SINGAPORE is increasingly becoming an integral part of a globalised and highly networked economy.
Coupled with an ageing population, there will be increasing competition in the market for workers.
The workforce profile will become more diverse, making it crucial for employers to ensure that their employment practices are fair to workers from different backgrounds.
Says Mr Bob Tan, the co-chairperson of the Tripartite Alliance for Fair Employment and vice-president for the Singapore National Employers Federation: "Changes in Singapore's demographic profile mean that employers will have to introduce and implement progressive policies and practices to better attract and retain employees with diverse backgrounds and experience, including older workers and women."
Employers will have to take a different approach in managing their human resources.
They need to ensure that policies and practices are in place to allow older workers to return to the workforce and help them stay employed longer.
There is also a need to address the challenges faced by pregnant workers and women who have not worked for some years to encourage more of them to return to the workforce.
The Tripartite Centre for Fair Employment is the operational and promotional arm of the Tripartite Alliance for Fair Employment Practices.
The centre was set up in 2007 to promote fair and merit-based employment practices in Singapore, such as providing advice and developing programmes to encourage and assist employers in their adoption of fair employment practices.
Implementing fair and merit-based employment practices will prove beneficial for employers in the long run as it widens the pool of candidates to recruit from.
The ability to tap on the strengths of employees from different backgrounds and experiences will ensure that Singapore continues to attract and retain quality employees in a competitive business environment amid the demand for talent.

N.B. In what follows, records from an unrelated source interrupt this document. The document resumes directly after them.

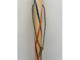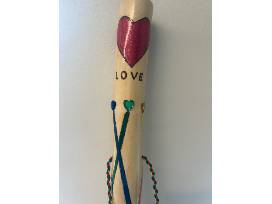 Expertly crafted and sanded to a flawless finish, it features intricate wood-burning, vibrant hand-painted details, and sparkling plastic heart gems that catch the light with every movement. Sealed with multiple coats of polyurethane for lasting protection, this one-of-a-kind piece is finished with a braided lanyard and a non-slip rubber tip. A symbol of love and unity, this staff is more than just an accessory-it's a work of art. Don't miss your chance to own this extraordinary creation!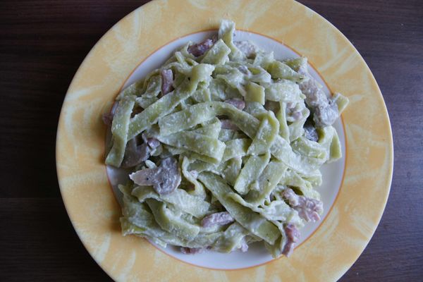 剛來法國前幾年,回台灣時家人有時會問我在法國平時都吃什麼?我回:「吃麵吧!就愛湯湯水水的熱食。」但小胖不喜歡我煮的熱湯,理由是沒什麼味道。於是他建議一道超簡單麵食:法式奶油培根蛋麵 (Tagliatelles carbonara à la française)。小胖說:「法式兩個字很重要,因為義式做法不同。」沒想到我對這款沒有湯的麵居然一試成主顧!小胖每次去家樂福買菜也會買此料理的相關食材,所以平均兩、三個禮拜就會吃一次法式奶油培根蛋麵。下班回來如果真的不知道要吃什麼,至少可以快速端出一道讓兩人吃了都會好滿足的十分鐘料理。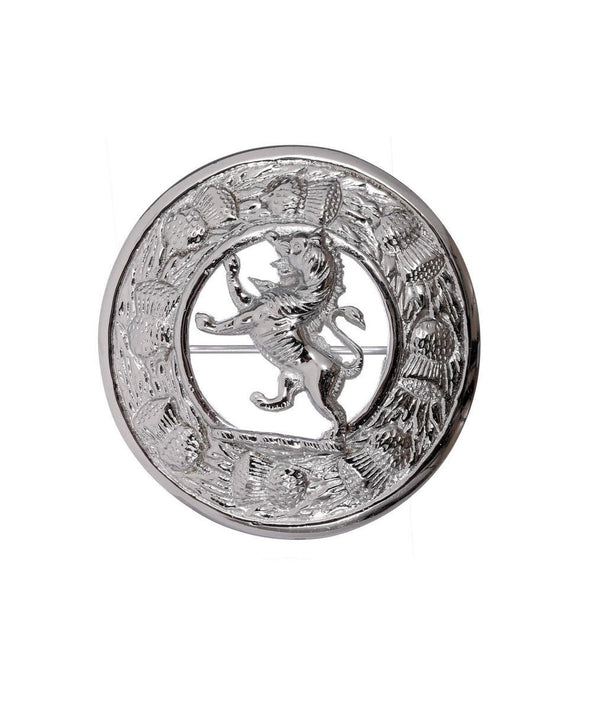 Thistle Design and Lion Centre Brooch - Chrome Finish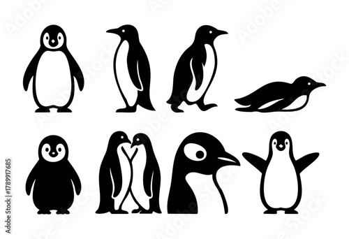 Naklejka premium Collection of eight black and white penguin illustrations in various poses...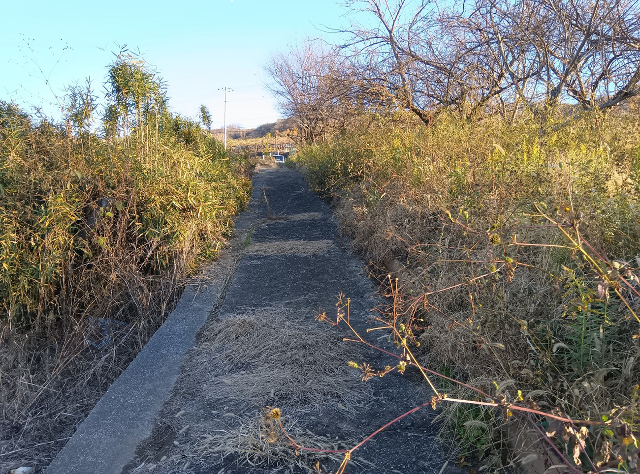 道も気づいたら雑草がアスファルトを突き破る野生のパワーを感じるものに。もうすぐのはずだけど、相変わらず温泉の気配はない。っていうか、本当にこの先に温泉はあるんだろうか。Googleマップくん嘘ついてない?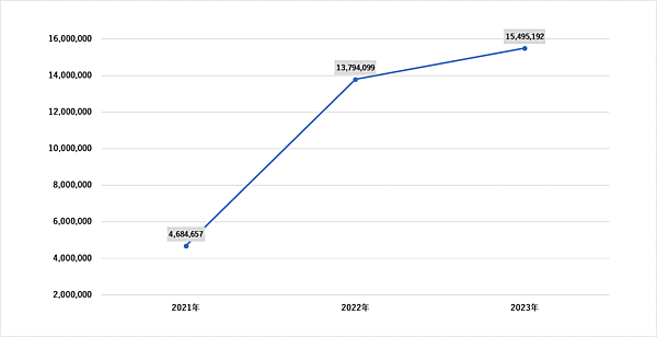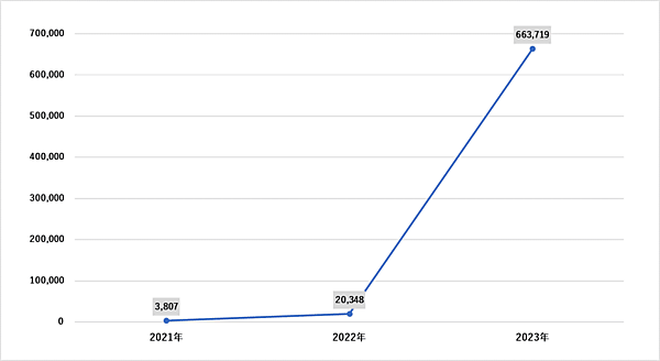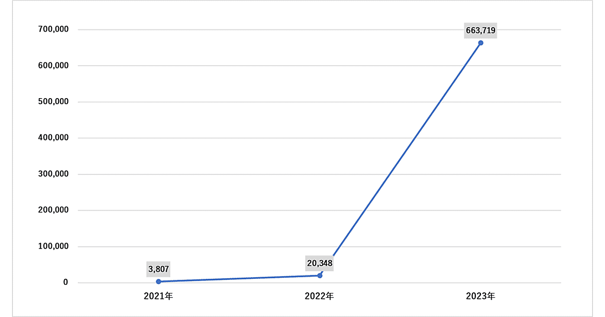 また2021年~2023年の3年間において「ChatGPT」「Canva」「Grammarly」のアカウントを売買するダークウェブ上の投稿数は、約268万6,000件に達していた。

By practising fair employment, companies are employing the best and most appropriate person for the job based on the candidate's skill, experience and/or ability to perform the job.
This means that companies do not discriminate against any potential candidates based on their age, gender, religion, race, disability or martial status.

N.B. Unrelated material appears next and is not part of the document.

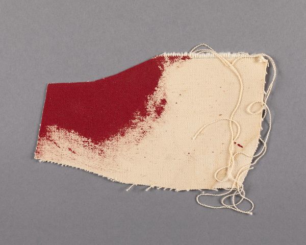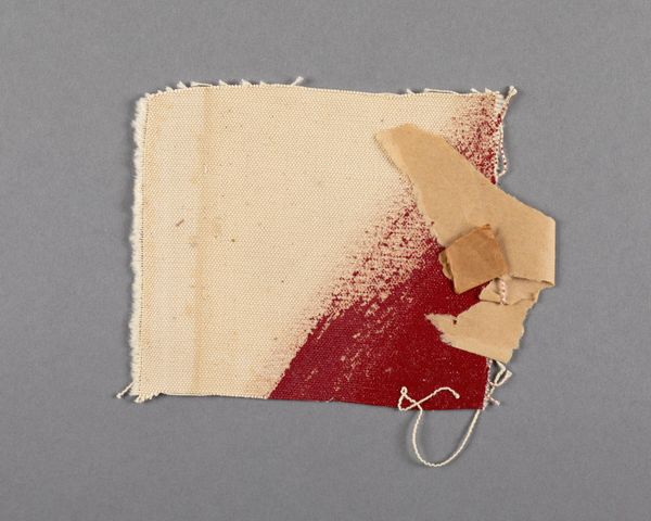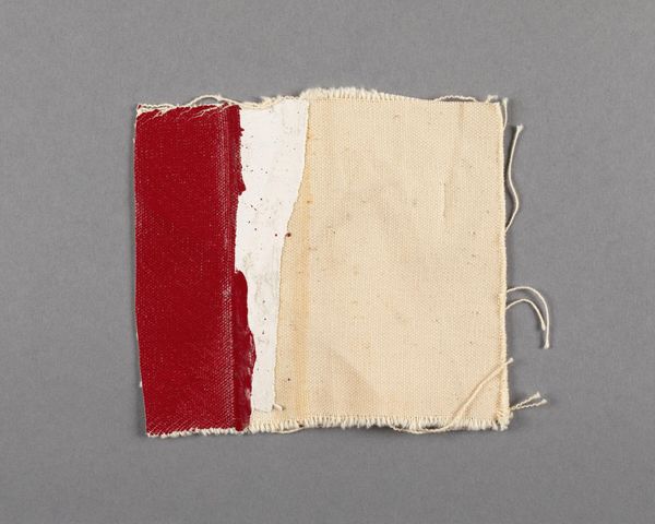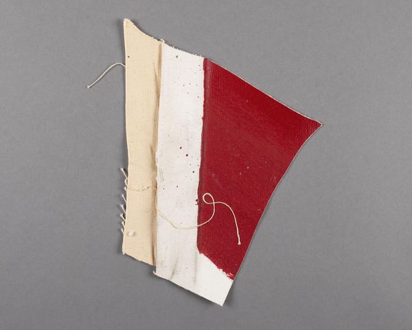 Editor: Here we have Barnett Newman's "Painted canvas fragment." I'm struck by its raw quality. It's small and unassuming, yet the stark division of color is quite powerful. How do you interpret this work? Curator: I see a potent symbol of fractured narratives. The canvas, a remnant, speaks to the incompleteness of history, particularly marginalized histories. The red, juxtaposed against the white, hints at the violence inherent in creating these divisions. Editor: Violence? I hadn't considered that. Curator: Think of the period Newman was working in, the Cold War, the Civil Rights movement. Art became a battleground. What stories are being cut off? Editor: It's a small piece, but it holds a lot of weight. Thank you. Curator: And thank you for bringing your perspective. It enriches the experience.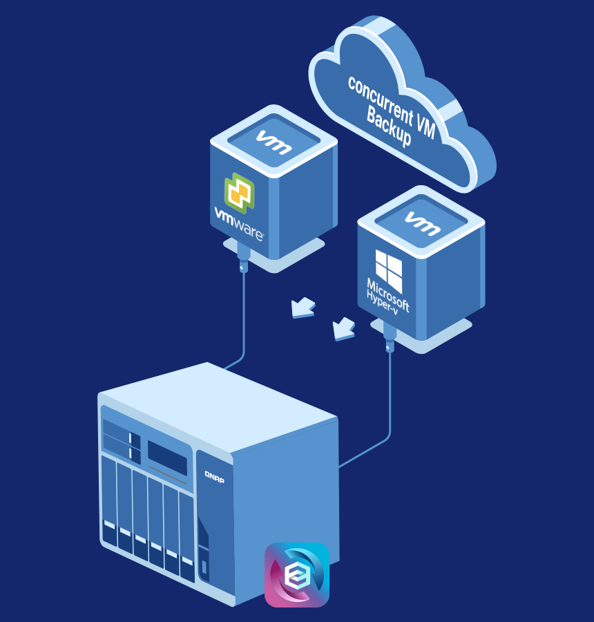 备份虚拟机不再需要软硬分离。只要一台 QNAP NAS 搭配 Hyper Data Protector 应用,免授权安装、无需代理程序即可备份 VMware® vSphere 与 Microsoft® Hyper-V 上的虚拟机。Hyper Data Protector 具备来源端增量备份 (Incremental Backup)、全局重复数据删除 (Global Deduplication)、计划备份,以及还原压缩传输功能,大幅节省备份时间、存储空间与还原时间,打造更效率的虚拟机备份及灾难复原方案。

Employees are treated with respect and provided with equal opportunity for training and development based on their strengths and needs to help them achieve their full potential.
They are also rewarded fairly based on their ability, performance, contribution and experience.
Some employers may be unaware that their choice of words and phrases in their job advertisements or the questions they pose during an interview can impact how they are perceived by job applicants.
Their tone and choice of language may prompt candidates into thinking that the company is being discriminatory, when it is not.
Given the wide range of jobs in Singapore, there is no one-size-fits-all solution that can meet the needs of different organisations.
The more effective approach is not to be obsessed by a taboo list of what should not be done, but to focus on what should be done instead, that is, by reviewing and ensuring that objective criteria are used to select the best person for the job.
How to get started
For employers who want to be fair but are not sure how to ensure it, here are some tips to get you started in making your workplace fair and inclusive:
Sign the pledge
Take the first step towards your commitment to be a fair employer by signing the Employers' Pledge of Fair Employment Practices.
The Tripartite Centre for Fair Employment provides a range of services, tools and resources to help companies implement fair employment practices, such as advisory services, regular training workshops, seminars and educational materials.
Review company policies
Review current human resource (HR) materials and practices within your company, including existing application forms, job advertisements and HR policies.
This is to make sure that relevant and objective selection criteria related to the job requirements are applied consistently at all stages of the recruitment and selection process.
Set the tone
Business leaders should set the tone and emphasise the importance of fair employment practices, reinforcing the business case and how being fair will impact positively on the company. This will also help create a culture that supports the implementation of fair employment practices.
This involves equipping the HR department and/or hiring managers in the company with the relevant skills to handle the recruitment and selection process effectively.
Training should also focus on developing HR personnel and hiring managers who can serve as role models, communicate the business benefits of fair employment practices, address behavioural issues quickly and effectively, and address employee concerns when problems arise.
Put employees first
Keep channels of communication open. In addition to competitive wage packages, the key to retaining and attracting valuable talent is to tell staff about the organisation's commitment to ensure fair and ethical work practices at the workplace, ensuring equal opportunity for all.
Focusing on fair recruitment practices creates a win-win scenario for both employers and employees.
Companies will be able to hire the best person for the job. Employees, on the other hand, can be assured that they will be given equal access to jobs, training and other development opportunities enabling them to realise their full potential.